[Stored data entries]
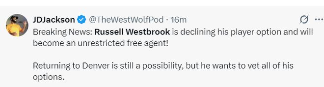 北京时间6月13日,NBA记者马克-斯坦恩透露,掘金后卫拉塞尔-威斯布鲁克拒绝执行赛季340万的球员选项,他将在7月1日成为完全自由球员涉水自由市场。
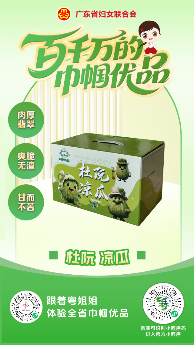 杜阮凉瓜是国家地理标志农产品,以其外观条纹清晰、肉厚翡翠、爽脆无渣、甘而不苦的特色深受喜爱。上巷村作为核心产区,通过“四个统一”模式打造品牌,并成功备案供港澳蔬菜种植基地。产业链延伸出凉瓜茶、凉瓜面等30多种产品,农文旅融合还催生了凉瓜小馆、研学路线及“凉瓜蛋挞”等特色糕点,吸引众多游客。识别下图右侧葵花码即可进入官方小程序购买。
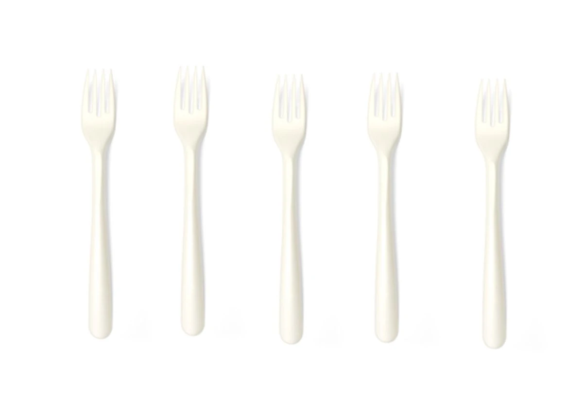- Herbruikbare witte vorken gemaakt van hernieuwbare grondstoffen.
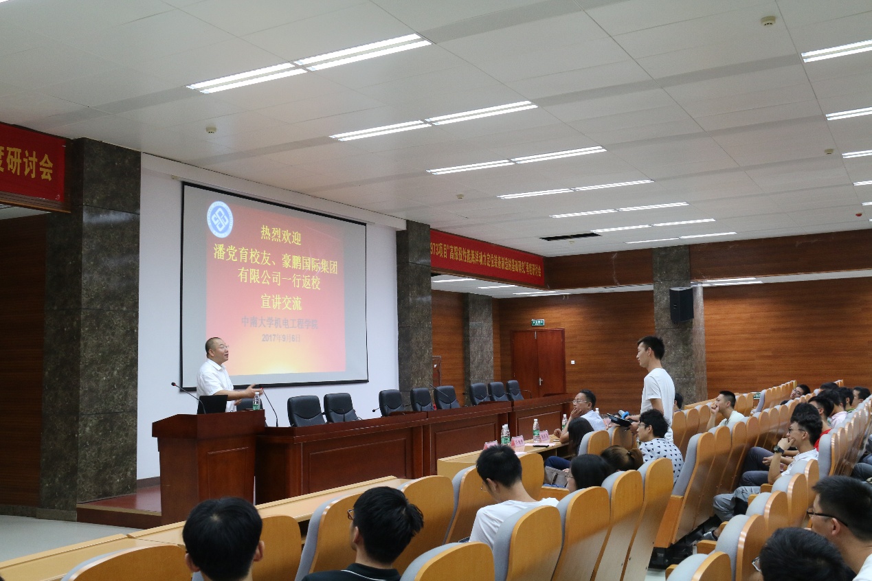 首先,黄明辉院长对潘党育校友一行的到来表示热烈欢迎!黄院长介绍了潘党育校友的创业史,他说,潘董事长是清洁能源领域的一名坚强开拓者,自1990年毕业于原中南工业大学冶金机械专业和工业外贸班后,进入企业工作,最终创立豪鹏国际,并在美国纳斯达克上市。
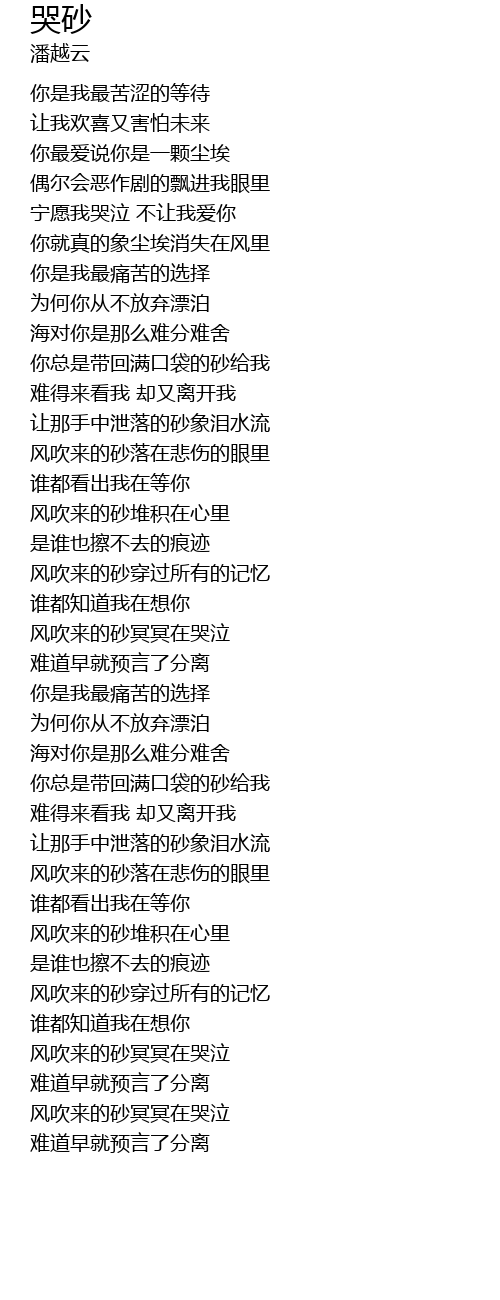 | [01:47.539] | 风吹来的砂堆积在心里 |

Exercise: Starting where a line contains "杜阮凉瓜是国家地理标志农产品" and finishing at the last line above, set down every line exactly as it reads, with no pictures.

Exercise output:
 杜阮凉瓜是国家地理标志农产品,以其外观条纹清晰、肉厚翡翠、爽脆无渣、甘而不苦的特色深受喜爱。上巷村作为核心产区,通过“四个统一”模式打造品牌,并成功备案供港澳蔬菜种植基地。产业链延伸出凉瓜茶、凉瓜面等30多种产品,农文旅融合还催生了凉瓜小馆、研学路线及“凉瓜蛋挞”等特色糕点,吸引众多游客。识别下图右侧葵花码即可进入官方小程序购买。
- Herbruikbare witte vorken gemaakt van hernieuwbare grondstoffen.
 首先,黄明辉院长对潘党育校友一行的到来表示热烈欢迎!黄院长介绍了潘党育校友的创业史,他说,潘董事长是清洁能源领域的一名坚强开拓者,自1990年毕业于原中南工业大学冶金机械专业和工业外贸班后,进入企业工作,最终创立豪鹏国际,并在美国纳斯达克上市。
 | [01:47.539] | 风吹来的砂堆积在心里 |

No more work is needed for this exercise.